The thickness of sheathing was not specified in the beginning, so we are left to select that as well as the nailing. Looking at Table 23-II-I-1 on page 2-288 of the 1997 UBC, we see our choices are:

• Structural I, 7/16" thick, with 8d nails at 3" o.c. at panel edges, 12" o.c. in the field, for 505 plf.
• Structural I, 15/32" thick, with 10d nails at 4" o.c. at panel edges, 12" o.c. in the field, for 510 plf.
• C-D, C-C Sheathing, 15/32" thick, with 8d's at 3" o.c. at panel edges, 12" o.c. in the field, for 490 plf.
• C-D, C-C Sheathing, 15/32" thick, with 10d's at 3" o.c. at panel edges, 12" o.c. in the field, for 600 plf.
• C-D, C-C Sheathing, 19/32" thick, with 10d's at 4" o.c. at panel edges, 12" o.c. in the field, for 510 plf.

Sill Bolting
If the bottom plate of this shear wall sits directly on top of a foundation stem wall, there is an additional step: bolting the sill down for lateral loads. We want to use bolts that will have at least four diameters of edge distance on the bottom plate so these same bolts can resist perpendicular forces. This means we should use a bolt diameter less than (5.5" / 8) or 5/8".  The Code generally calls for 1/2" bolts so that is what we will use.
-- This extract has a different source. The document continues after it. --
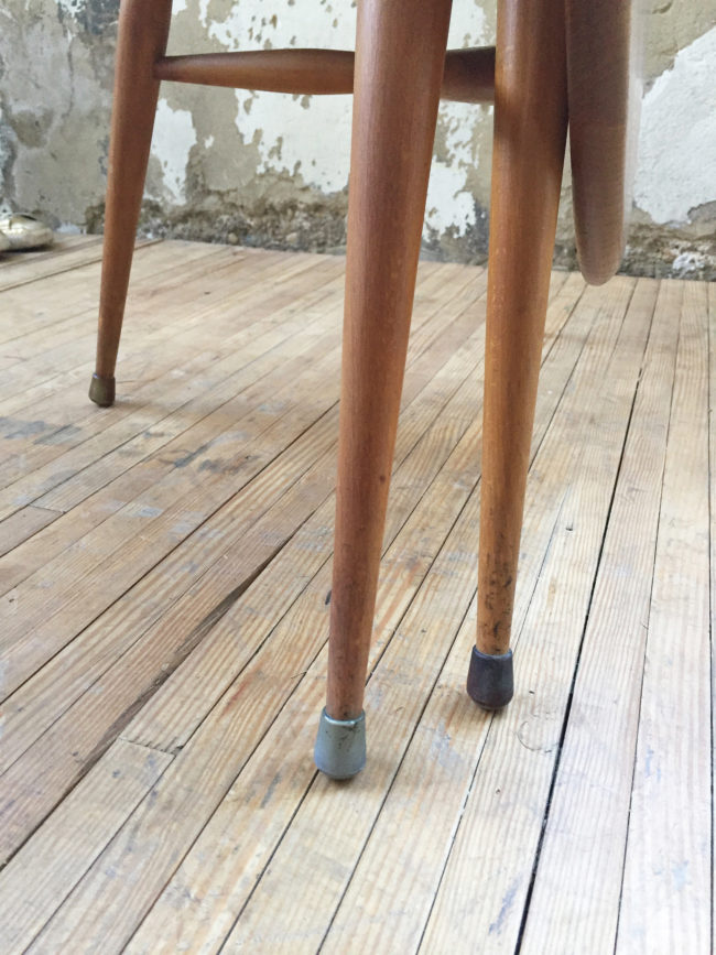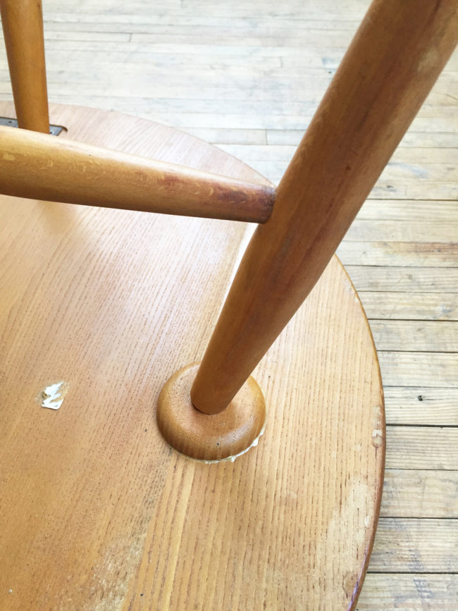 Table en orme massif et piètement évasé en hêtre.

Looking at Table 23-III-B-1 on page 2-296, we see that 1/2" diameter bolts do not have a listed value in 2 1/2" thick material.  The value in 1 1/2" material, parallel to grain, is 480 pounds.  The value for 3 1/2" material is 610.  The Code allows interpolation in these instances, therefore the allowable shear is (480 + 610)*(0.5) = 545 pounds.  Because the forces are the result of earthquake loads, we can increase this value by a factor of 4/3 = 726 pounds per bolt.

6 feet * 466.4 = 2798.4 lbs.

(2798.4) / (726) = 3.85 bolts > Use four 1/2" diameter bolts.  Space them at 16" centers near the interior of the wall to leave room for the hold-down bolts at the ends.